Followed this fine-tuning tutorial here:
And this is my code:
# https://www.linkedin.com/advice/1/how-do-you-use-hugging-face-natural-language-processing-q4gve
# https://huggingface.co/docs/transformers/training
# Models
# microsoft/phi-1_5
# distilbert/distilbert-base-uncased
# google-t5/t5-base
# deberta-v3-base
# google-bert/bert-base-cased
import pandas as pd
import torch
# import transformers as tm #import BertLMHeadModel, AutoModelForMaskedLM, AutoModelForSeq2SeqLM, AutoModelForCausalLM, AutoModel, AutoModelForSequenceClassification, GPT2LMHeadModel,PhiForCausalLM, GPT2Tokenizer, AutoTokenizer, GPT2TokenizerFast
from transformers import BertLMHeadModel, AutoModelForMaskedLM, AutoModelForSeq2SeqLM, AutoModelForCausalLM, AutoModel, AutoModelForSequenceClassification, GPT2LMHeadModel,PhiForCausalLM, GPT2Tokenizer, AutoTokenizer, GPT2TokenizerFast
import os
import keras
from datasets import load_dataset
from tensorflow.keras.optimizers import SGD, Adam
from tensorflow.keras.optimizers.schedules import ExponentialDecay
import evaluate
import numpy as np
from transformers import TFAutoModelForSequenceClassification
# import transformers as tm
model_name="google-bert/bert-base-cased"
fileName="data2.json"
dataset = load_dataset("json", data_files=fileName)
dataset=dataset["train"]
file=open(fileName)
myData=pd.read_json(fileName, lines=True)
# model = tm.BertLMHeadModel.from_pretrained(model_name)
# model = tm.AutoModelForSeq2SeqLM.from_pretrained(model_name)
# model = tm.AutoModelForCausalLM.from_pretrained(model_name)
# model = tm.GPT2LMHeadModel.from_pretrained(model_name) # for gpt2
# model = PhiForCausalLM.from_pretrained(model_name) # for phi-1_5
model = TFAutoModelForSequenceClassification.from_pretrained(model_name, num_labels=5)
# TOkenizers
tokenizer = AutoTokenizer.from_pretrained(model_name)
# ======================================
# Fine tuning the Model
# ======================================
numberOfData=len(myData["input"])
tokenized_data = tokenizer(dataset["input"], return_tensors="np")

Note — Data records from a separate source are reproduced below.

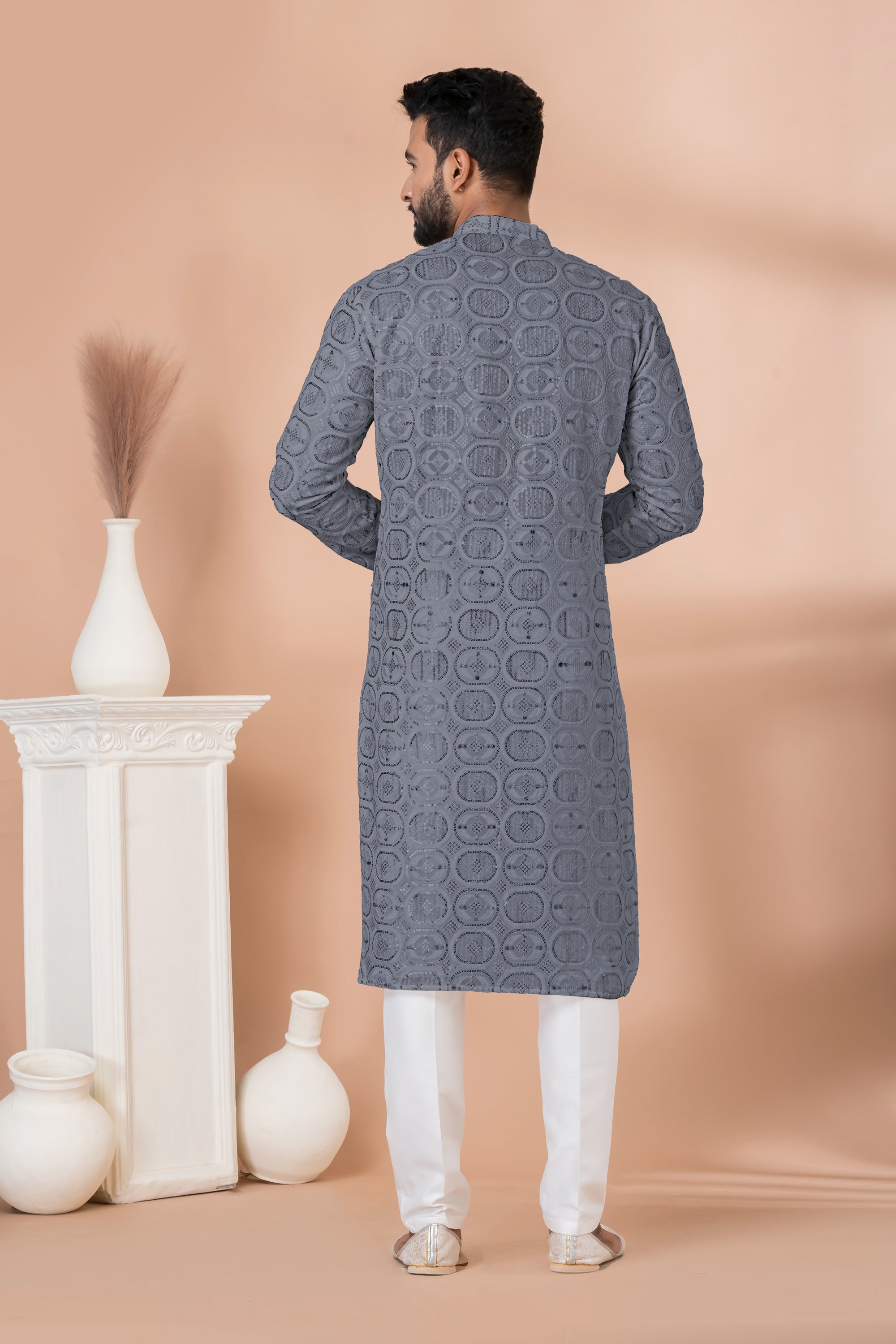 Beautiful Sequins Embroidery Georgette Fabric Wedding Wear Readymade Kurta Pyjama For Men In Grey Color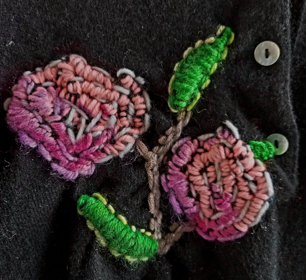 After breakfast I wondered about improving my “sort of” embroidery on my jumper. So I got out my new crayons and ” painted ” some wool. It seemed to work.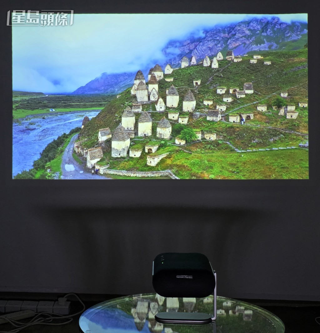 M1 Max音效也交足功課,機身裝有一對由Harman/Kardon調音的立體聲喇叭,不用另接音響系統,音量亦足以配合大畫面帶來震撼音效。 若然深夜時份投影不想打擾家人,可以經藍牙連接無線耳機,靜靜地睇片煲劇。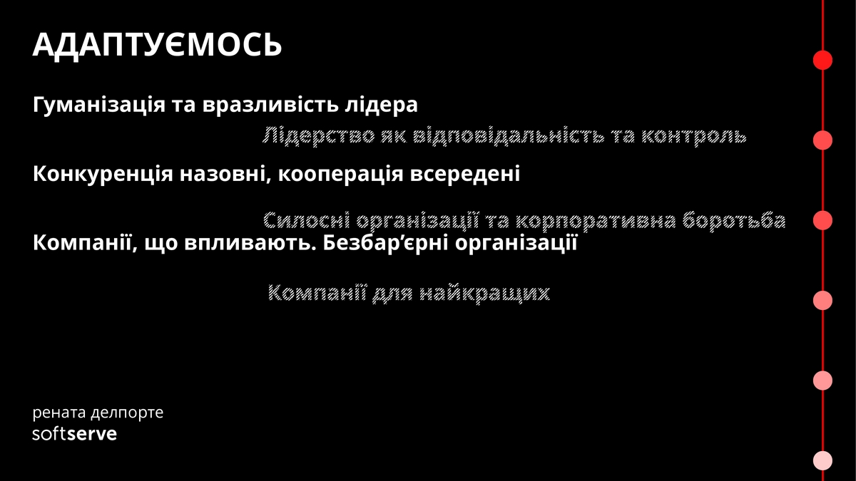 Важливо також обрати спосіб дій, щоб не витрачати сили на боротьбу з реальністю, а користуватися новими умовами для досягнення поставлених цілей. Наприклад, зараз лідерство змінилось, бізнес тяжіє до гібридних моделей роботи, але ефективність керівників досі часто вимірюють метриками минулого століття.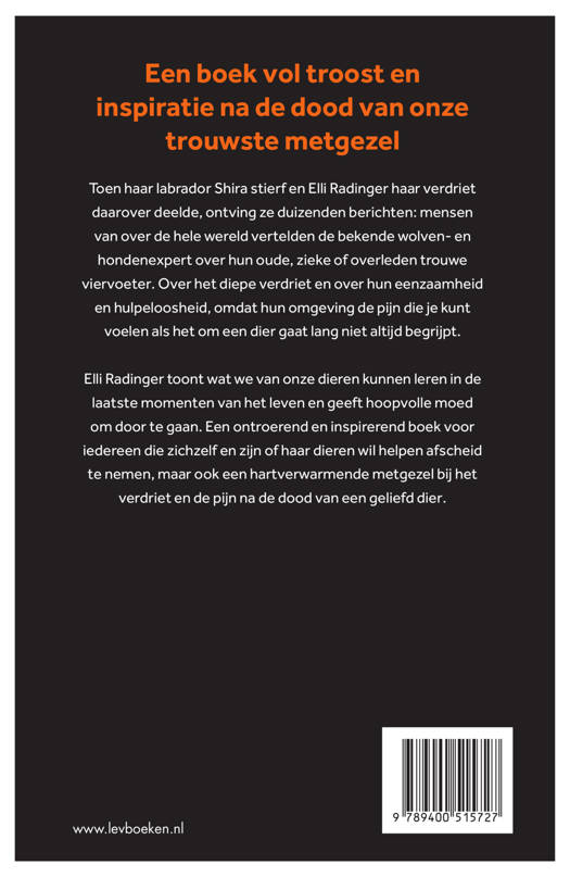 Toen haar labrador Shira stierf en Elli Radinger haar verdriet daarover deelde, ontving ze duizenden berichten: mensen van over de hele wereld vertelden de bekende wolven- en hondenexpert over hun oude, zieke of overleden trouwe viervoeter. Over het diepe verdriet en over hun eenzaamheid en hulpeloosheid, omdat hun omgeving de pijn die je kunt voelen als het om een dier gaat lang niet altijd begrijpt.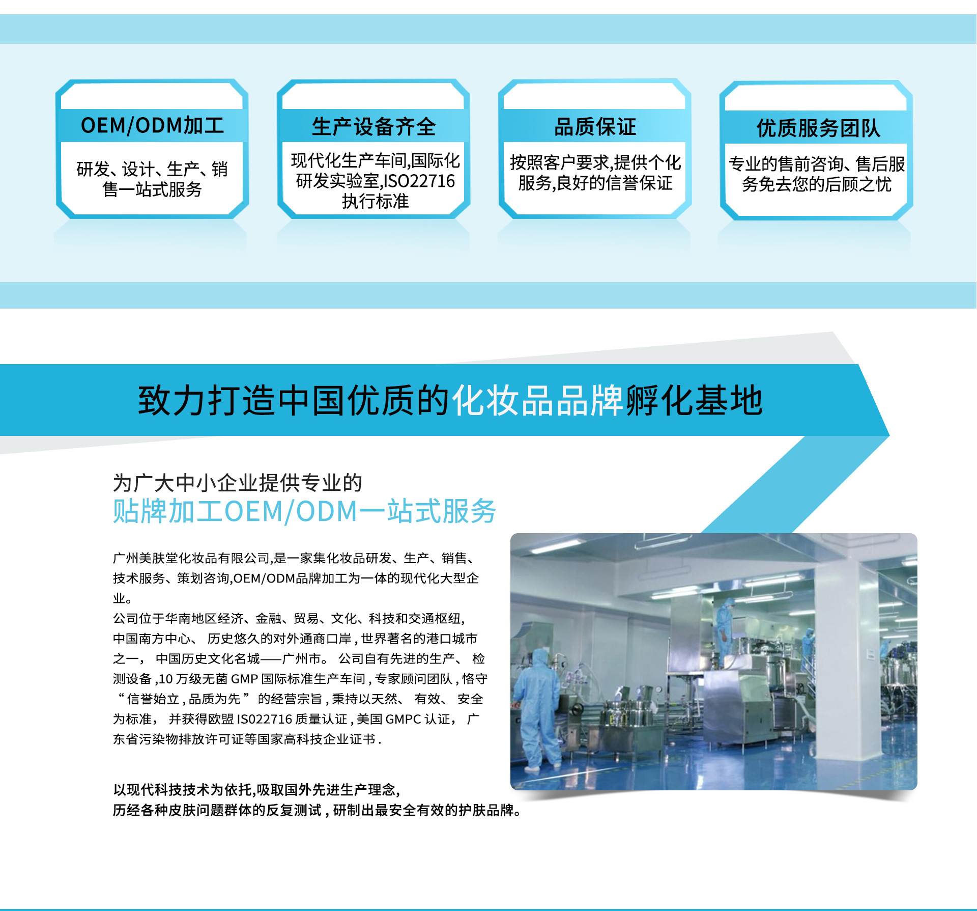 美膚堂(廣州)生物科技有限公司是一家高新技術(shù)企業(yè),為以科研、生產(chǎn)銷售、品牌策劃、全類護膚品OEM代加工、國內(nèi)外貿(mào)易的強大組合。 美膚堂(廣州)生物科技有限公司提出以高新技術(shù)研發(fā)應(yīng)用為企業(yè)打造核心競爭力的目標,做出準確預(yù)判和把握市場動向,順應(yīng)工業(yè)4.0智能化發(fā)展潮流,全程推行MCS、ERP管理系統(tǒng),生產(chǎn)過程數(shù)字化、自動化,嚴格管理企業(yè)精細化工程度,保證生產(chǎn)效率及品質(zhì)。

tokenized_data = dict(tokenized_data)
def tokenize_dataset(data):
# Keys of the returned dictionary will be added to the dataset as columns
return tokenizer(data["input"])
dataset = dataset.map(tokenize_dataset)
# labels = np.array(dataset["label"])
tf_dataset = model.prepare_tf_dataset(dataset["input"], batch_size=16, shuffle=True, tokenizer=tokenizer) <<-- OFFENDING LINE
model.compile(optimizer=Adam(3e-5)) # No loss argument!
model.fit(tokenized_data)
I get this error:
TypeError: Dataset argument should be a datasets.Dataset!
from this line:
tf_dataset = model.prepare_tf_dataset(dataset["input"], batch_size=16, shuffle=True, tokenizer=tokenizer)
This is my json file:
{"input":"What is the tallest mountain in the world?"}
{"input":"What is the oldest civilization in history?"}
{"input":"What was Marie Antoinette's most famouse quote?"}
{"input":"Extract the keyphrase from this review.\n Review: The food in Lau Pa Sat is delicious, albeit expensive."}
{"input":"Where is Paul McCartney now?"}
{"input":"What are the benefits of orange?"}
{"input":"I have cockroach problems at home. How do I solve this?"}
{"input":"Who assassinated John F. Kennedy?"}
{"input":"Summarize Matthew 4:3-12."}
{"input":"Extract the keyphrase from this review.\n Review: The Singapore Chilli Crab in this seafood restaurant is amazing! Definetely recommend!"}
{"input":"List some good places to jog in Singapore."}
{"input":"Compare the A350 to the 777."}
{"input":"Tell me the stocks of Intel and AMD."}
{"input":"Any good places to hike in Japan?"}
{"input":"When was the Tower of London built?"}
{"input":"Extract the keyphrase from this review.\n Review: This Z790 motherboard is a total beauty, but extremely overpriced!"}
{"input":"Where is the largest archipelago located"}
{"input":"When was the Statue of Liberty built?"}
{"input":"Who wrote Les Miserables?"}
{"input":"Who sang 'American Pie'?"}
{"input":"What is the current population in Singapore?"}
{"input":"When is Sakura season in Japan?"}
{"input":"How old is the Westminster Abbey?"}
{"input":"Where is the best place to celebrate Oktoberfest in Germany?"}
{"input":"How to go from Hong Kong International Airport to the city?"}
{"input":"How long does it take to go from Tokyo to Fukuoka by train?"}
Any fixes to this? Spent one whole day trying to solve this problem, and I’m literally running out of patience. Suggestions are highly appreciated.